Racquetball Equipment

Does anyone play pickleball in Prince George?

Coaches from clubs in northern British Columbia earn Level 1 certification in the National Coaching Certification Program course

Ralph Wood has his own theory as to why pickleball is one of the fastest growing participatory sports in the world.

Not only is it a lot of fun to play, but for beginners especially, it doesn’t take months of practice to figure out how to get the ball over the net.

“It’s an easy sport to learn and the point is, it doesn’t take long before you get the kind of shots that make you a hero,” said Wood, Prince George Tennis and Pickleball pickleball coach. Club.

“I taught tennis for years and it took me three months to find someone to do rally and volleyball, here we can do it in 60 minutes. We can get people to do things you wouldn’t expect someone to do in an hour. Someone told me that pickleball is much like any addiction, but it’s almost worse. It’s almost like crack when you take it, you just want more, well it’s the same, and it’s healthy.

Wood was one of three local pickleball enthusiasts who signed up two weekends ago for the Level 1 instructor course given by Ontario coach Mark Rennison. Prince George was the first stop in British Columbia for Rennison as part of a Pickleball Canada / Tennis Canada initiative to launch a national pickleball coach education program accredited by the National Coaching Certification Program.

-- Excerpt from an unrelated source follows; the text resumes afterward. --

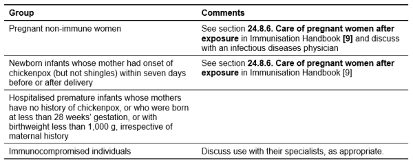 Table 5.9: Use of Zoster Immunoglobulin-VF for prophylaxis against varicella in patients where exposure occurred and susceptibility is likely [9].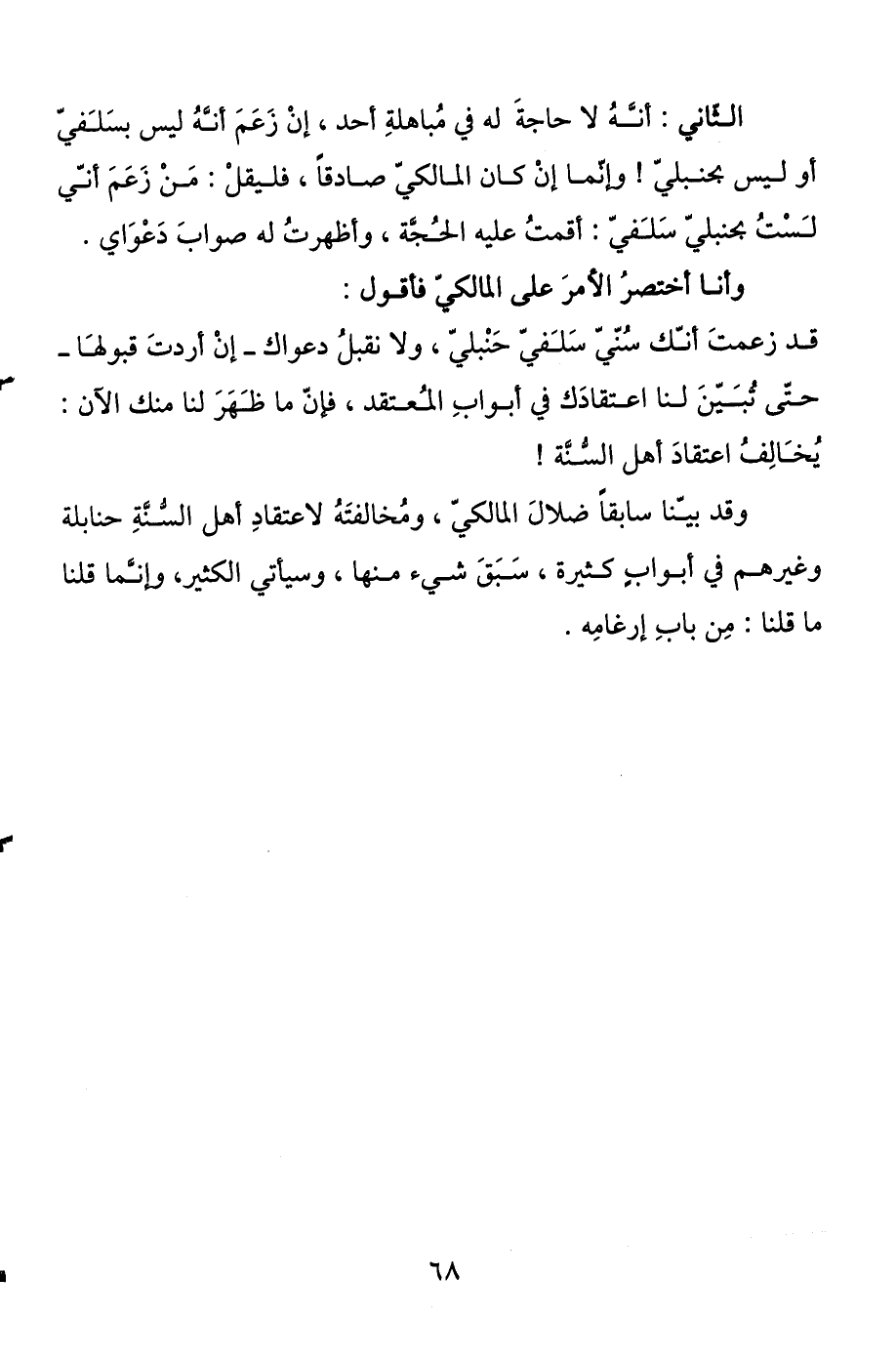 الثاني: أنه لا حاجة له في مباهلة أحد، إن زعم أنه ليس بسلفي أو ليس بحنبلي! وإنما إن كان المالكي صادقا، فليقل: من زعم أني لست بحنبلي سلفي: أقمت عليه الحجة، وأظهرت له صواب دعواي.

Fourteen aspiring instructors from Prince George, Williams Lake, Smithers, Terrace and Telkwa participated in Rennison’s one-day Level 1 course at the College of New Caledonia on October 3. Wood, along with Tracey Quickenden and Jim Allen are now nationally- certified to teach pickleball with the Prince George club.

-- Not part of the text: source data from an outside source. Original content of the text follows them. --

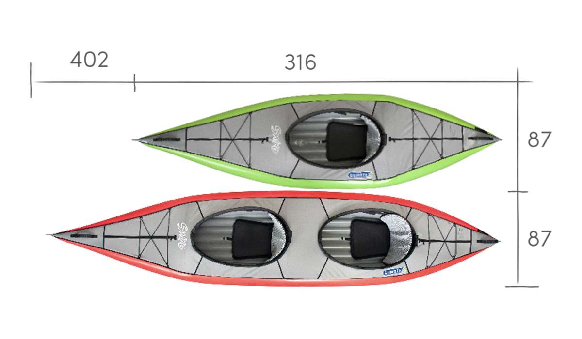 SWING 1 is a sit-in inflatable kayak great for relaxing trips on sheltered waters, harbours, lakes and rivers up to Gr. 2 white water. The kayak is supplied with two aluminium reinforcements for improved rigidity of the hull, maneuverability and stability. The reinforcements also shape the deck of the kayak. Thanks to its low weight the kayak is perfect for trips with frequent portages. The enclosed deck prevents water getting in. The kayak is available in a single and a double version.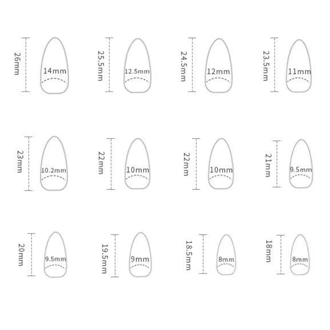 - Package About:Green false nails.The package contains 24 Pcs of short almond press on nails of different sizes,1 adhesive tabs,1 small wooden stick,and 30 pieces nail glue stickers.You can safely choose a fake nail that fits your finger size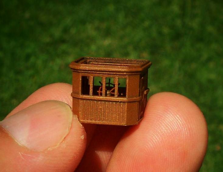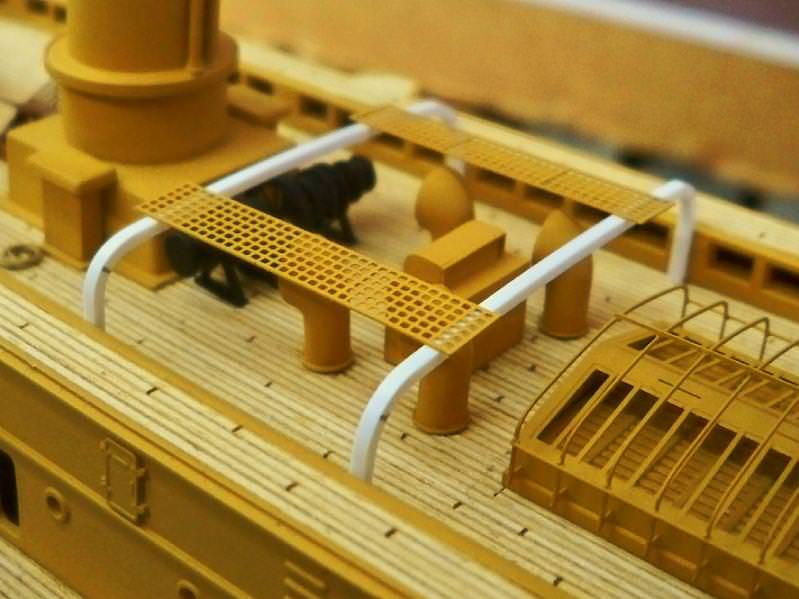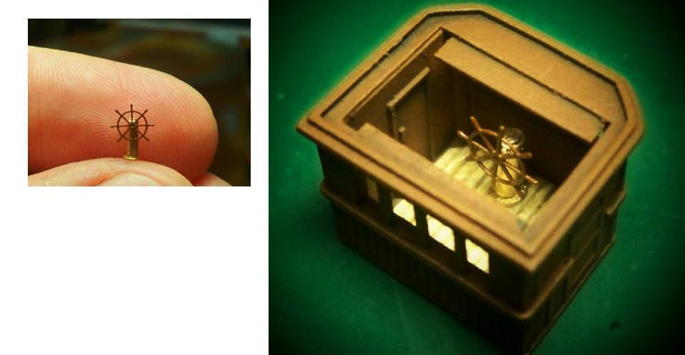 Sunshade frames were fabricated from brass wire, as were the tiller and flagstaff. A small floor grating was a photoetch bit cut from the Gold Medal Models N-scale tank car walkway grate set (#160-23) which had also contributed parts for Olympia’s windlass assembly earlier.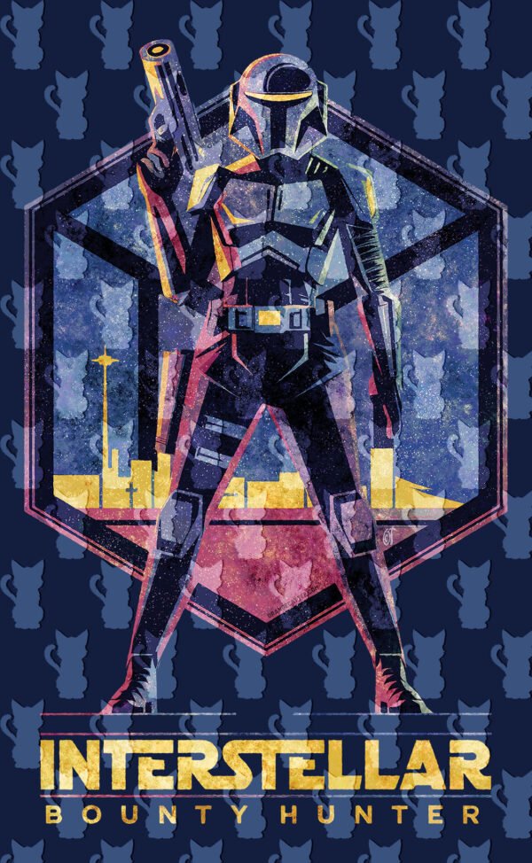 Este design épico apresenta uma figura blindada e imponente, com uma pistola, emoldurada por um hexágono cósmico.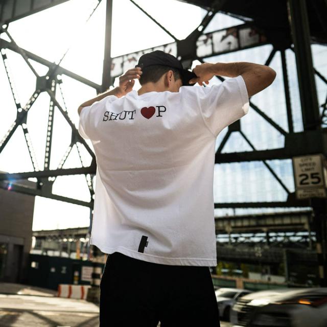 CHARI&CO のスローガンの一つでもある 『SHUT UP』。自分の弱い気持ちに対して黙れ!自分を超えろ!の意味。ニューヨークでお馴染みのロゴのフォントと、ハートをオマージュして可愛く仕上げた。こ着丈を少し短くすることで、16年前のブランドスタート時からあったストリート感ある野暮ったさを一新し、現在のモダンさを優先。長期的な着用を想定して開発したオリジナルカスタムボディ。16/-のオー.プンエンド糸を使用しているため、ドライでガシッとした着心地の良い、アメリカンコットンライクに仕上がっている。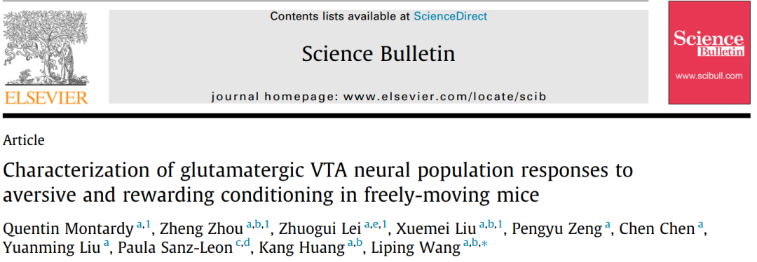 2019年5月13日,王立平研究员团队在中国科学院院刊Science Bulletin在线发表题为“Characterization of glutamatergic VTA neural population responses to aversive and rewarding conditioning in freely-moving mice” 的研究论文。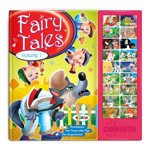 16 pagini cartonate + 18 sunete, 3 povesti sonore: Thumbellina, The three little pigs si The gingerbread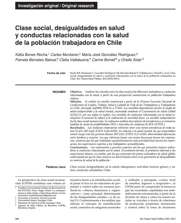 Clase social, desigualdades en salud y conductas relacionadas con la salud de la población trabajadora en Chile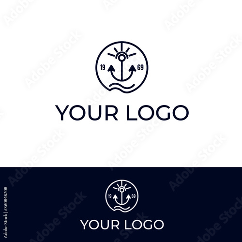 anchor sea sun logo design minimal and modern logotype vector template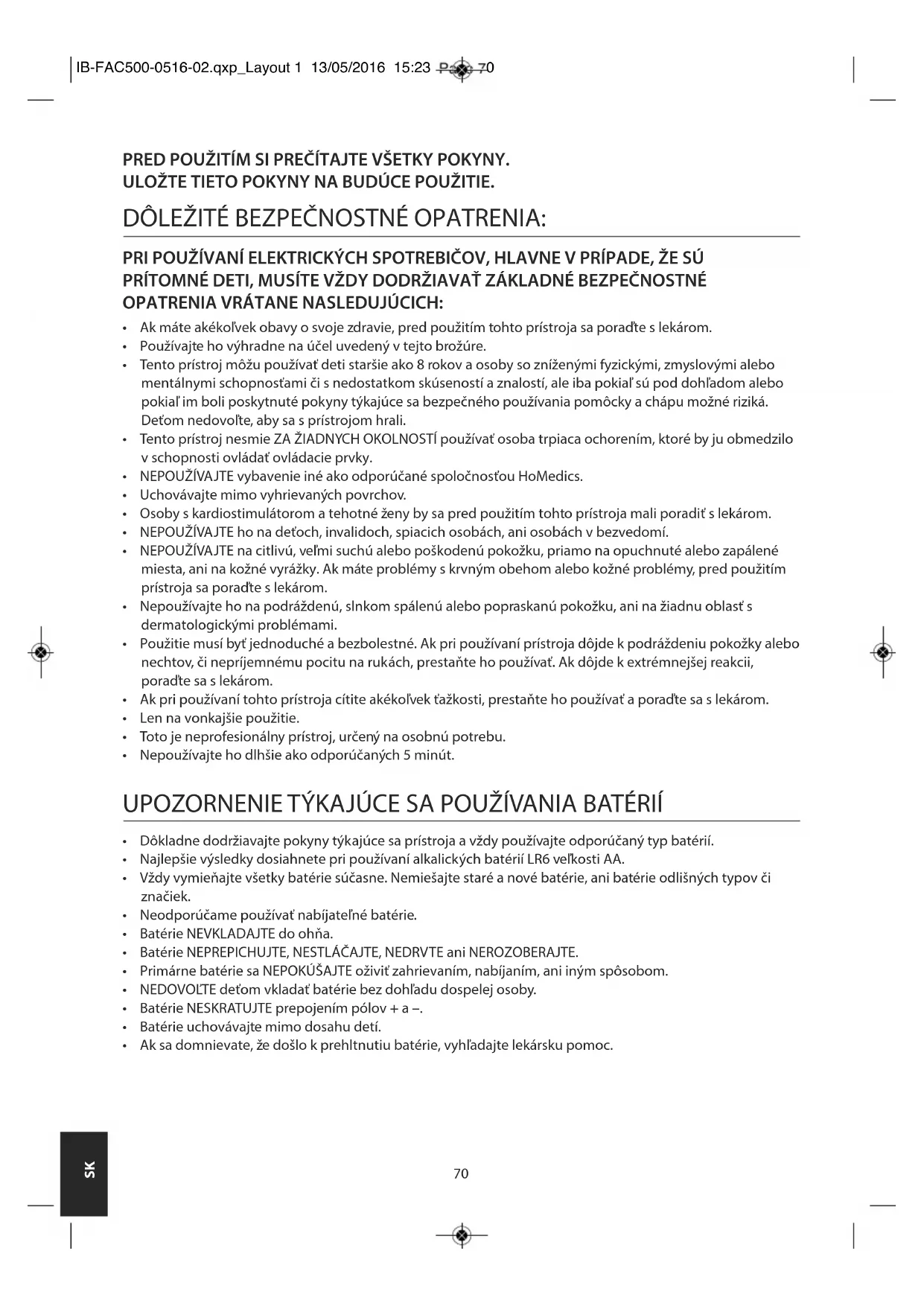 - Ak sa domnievate, že došlo k prehltnutiu batérie, vyhľadajte lekársku pomoc. IB-FAC500-0516-02.qxp_Layout 1 13/05/2016 15:23 Page 7071

“What they learn to do is to be able to present the sport of pickleball in a safe, fun and effective way where everyone who participates has a good time,” said Rennison.

“Anyone who has coached, in many cases it is volunteers or helpers, and in some cases there may be people who have been paid for their training but there have been no standards. until now. So what we do is try to give them some basic skills so that when they introduce the sport to new people, the people who participate will have a positive experience. ”

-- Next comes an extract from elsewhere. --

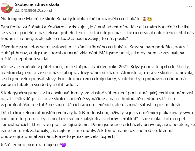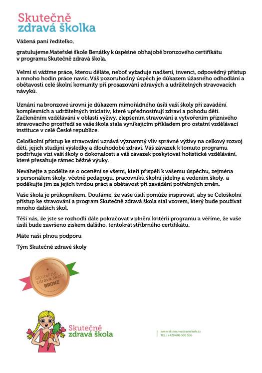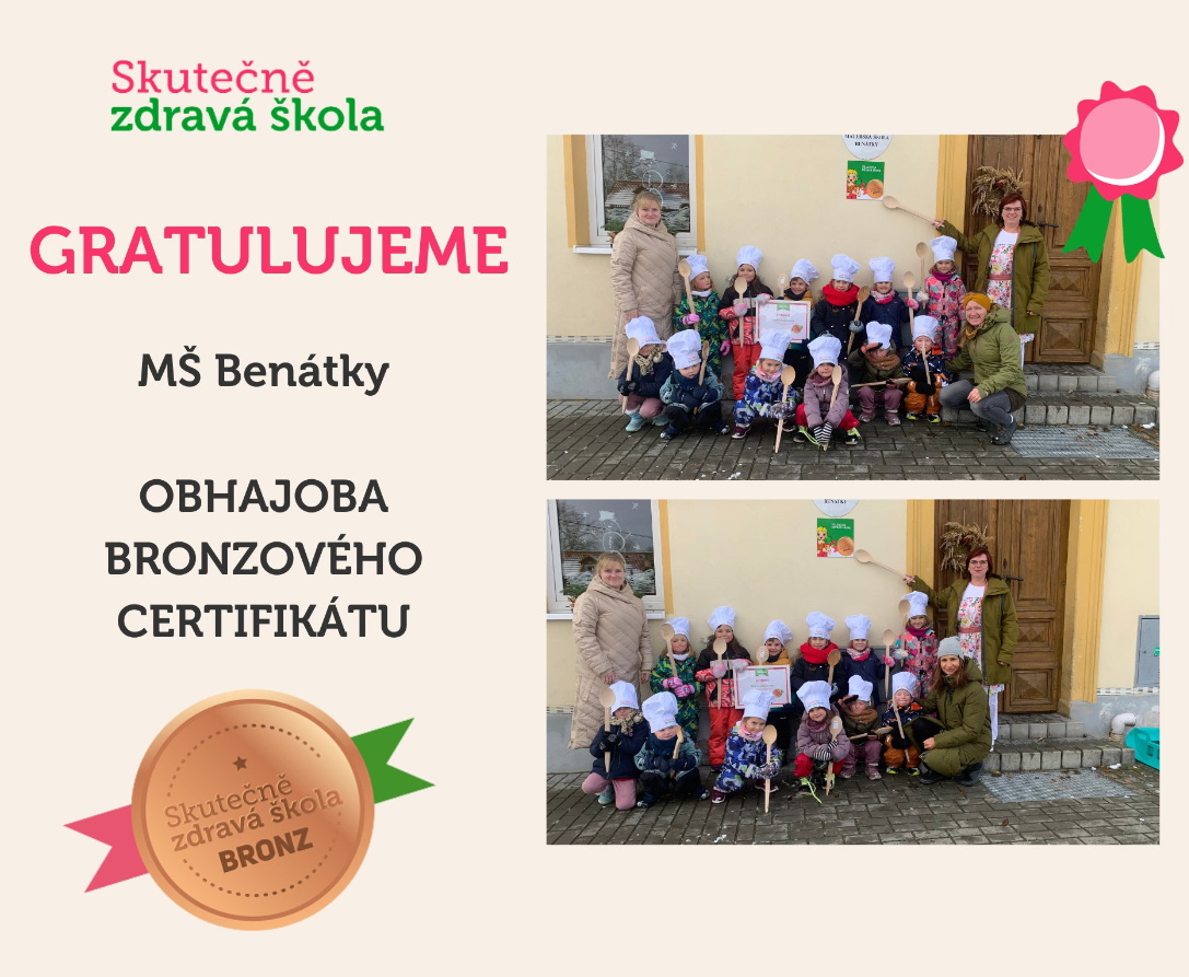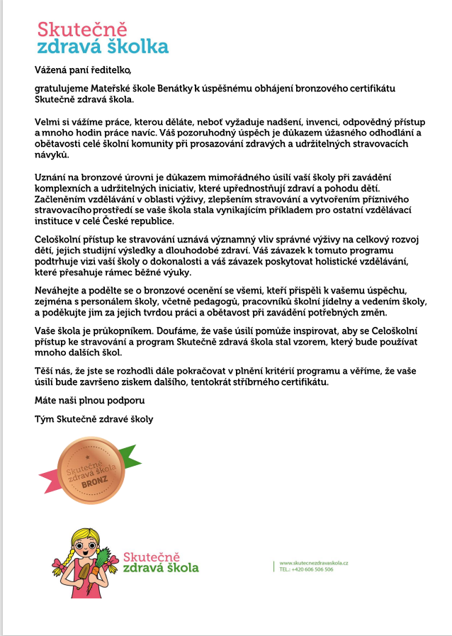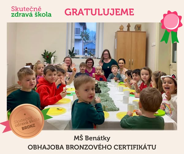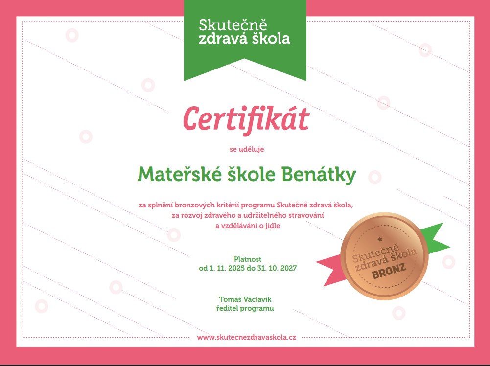 V listopadu 2025 se naší mateřské škole opět podařilo obhájit bronzový certifikát v projektu, "Skutečně zdravá školka". Děkujeme rodičům za podporu a spolupráci.

The day before, Rennison offered skills clinics for five different skill levels and three one-hour Engage Sports Try It practice sessions at the Northern Sport Center, the first of which drew 32 players, most of whom didn’t. had never played sports. It was a hectic night on the courts and Rennison wasn’t surprised that the Ty It sessions generated a lot of interest. He knows why pickleball is gaining popularity.

“The entry barrier is low, you can get equipment for not a lot of money, the pickleball court is the size of a badminton court, so you don’t need a lot of space and the ball doesn’t bounce a lot so it’s relatively easy to start playing, ”said Rennison.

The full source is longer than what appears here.